Connect with us

US News

Students have already begun landing internships for summer 2024

Published

on

/ 1853 Views
Students are landing internships for next summer, sometimes applying before this year's interns even start.

Henry Centore, a rising junior at Penn State University, accepted an internship offer from Goldman Sachs in April. His position as an investment banking analyst is not for this summer, but summer of 2024.

Centore isn’t alone, especially in finance and tech industries, employers are recruiting increasingly early, often before this year’s internships even begin.

The internships that hire early tend to be some of the highest-paying, according to Goldman Sachs, a summer analyst’s base salary ranges from $65,000 to $85,000. Google, which had a June 12 deadline for a software engineering internship position, pays around $6,454 a month, according to Glassdoor.

In contrast, the average annual starting salary for Class of 2021 college graduates was $58,862, according to the National Association of Colleges and Employers.

Since his freshman year of college, Centore has been involved with the Penn State Investment Association, which is open to all Penn State students. Later his freshman year, he applied for the Nittany Lion Fund, a hedge fund within PSIA that manages around $13 million, which provided Centore with the technical skills he felt helped him when he started applying for 2024 internships last January.

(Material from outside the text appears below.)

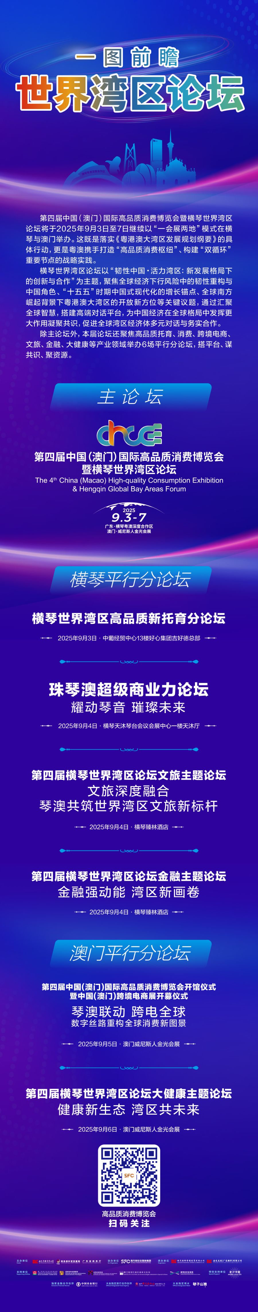 9月5日,第四届中国(澳门)国际高品质消费博览会暨横琴世界湾区论坛之开幕式暨主论坛,将以“韧性中国·活力湾区:新发展格局下的创新与合作”为主题,在横琴粤澳深度合作区盛大开幕。

MORE: College students on affirmative action, race and admissions: In their own words

Within PSIA, Centore described a feeling of competitiveness because students will likely be applying for the same summer internships. Centore noted at least five other Penn State students accepted internships with Goldman Sachs.

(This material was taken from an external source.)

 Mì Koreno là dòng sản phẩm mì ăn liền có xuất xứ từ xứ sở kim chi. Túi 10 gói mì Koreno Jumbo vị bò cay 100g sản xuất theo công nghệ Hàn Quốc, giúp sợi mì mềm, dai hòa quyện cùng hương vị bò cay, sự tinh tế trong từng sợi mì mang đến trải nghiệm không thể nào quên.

“It just drove us to want to work harder and make the best of ourselves and of our time at Penn State,” Centore said.

The same week he received Goldman Sachs’ offer, Centore received one from another bank. After speaking with employees at both banks to get an idea of company culture, he ultimately chose Goldman Sachs.

Joy Qu, a rising sophomore at Yale University with interests in economics and data Science, studied abroad this summer at the London School of Economics. Qu's summer included an array of classes, including Financial Statement Analysis for Investment Banking and Asset Management, which came highly recommended by her varsity squash teammates to prepare for opportunities in the job market.

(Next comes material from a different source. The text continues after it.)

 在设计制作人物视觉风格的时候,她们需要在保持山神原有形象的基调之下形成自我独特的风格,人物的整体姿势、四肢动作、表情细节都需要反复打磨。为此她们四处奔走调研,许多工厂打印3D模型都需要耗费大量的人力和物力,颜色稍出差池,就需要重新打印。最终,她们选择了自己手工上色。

According to the LSE Summer School’s website, the 2023 student rate for two sessions is £4,650, totaling a little more than $5,900.

MORE: Headed to college? For many, student loan debt remains the only option

"Of course, there's some kind of pressure [to land an internship offer quickly]," Qu said. "But personally, I am preparing myself with technical skills."

This past academic year, Qu was accepted into Yale’s Urban Philanthropic Fund, a student-run investment fund that has an application process. Similarly to applying for an internship, students submit an application and can be selected for subsequent interviews with investment strategy questions.

“I think that's all just good experience to prepare me in the future for an internship,” Qu said.

Qu has already completed two rounds of interviews for one 2024 finance internship, which consisted of a behavioral interview, technical questions and a case study.

David Ross is the Director of Undergraduate Career Initiatives at the University of Pennsylvania, where many students are interested in finance careers. Throughout his career, Ross has seen yearly fluctuations in the recruiting cycle.

But generally, he says, finance internships start recruiting the earliest. When Ross first arrived at UPenn in 2007, he remembers that summer internships were often offered in the spring of that same year, albeit still slightly earlier than other industries. Now, many finance students accept internships for the summer after junior year during the spring of sophomore year, as Centore did.

“Financial services, I would say, has been the one sector that has changed the most from year to year,” Ross said. “The process seems to creep earlier and earlier each year. I think that firms look at their competitors. They're very much cognizant of what their competition within the industry is doing.”

This trend seems to extend to post-graduate jobs as well: in the Undergraduate Industry Reports UPenn releases every year, 42% of respondents in 2018 in the financial services industry said they accepted an offer in August the year before or earlier. By 2022, a new category for July 2021 or earlier had been added, to which 10% of respondents said yes, and an additional 54% accepted offers in August.

To best advise his students, Ross has regular conversations with employers and peers at other universities to get information about what the application process will look like.

Throughout his recruiting cycle, Centore reached out to school alumni for support, both for application tips and networking coffee chats.

“I owe everything to the alumni who are there right now and the alumni who advocated to HR and things like that to hire from Penn State,” Centore said. “Without them, no one from Penn State in my year would be going to Goldman Sachs or numerous other really prestigious financial firms.”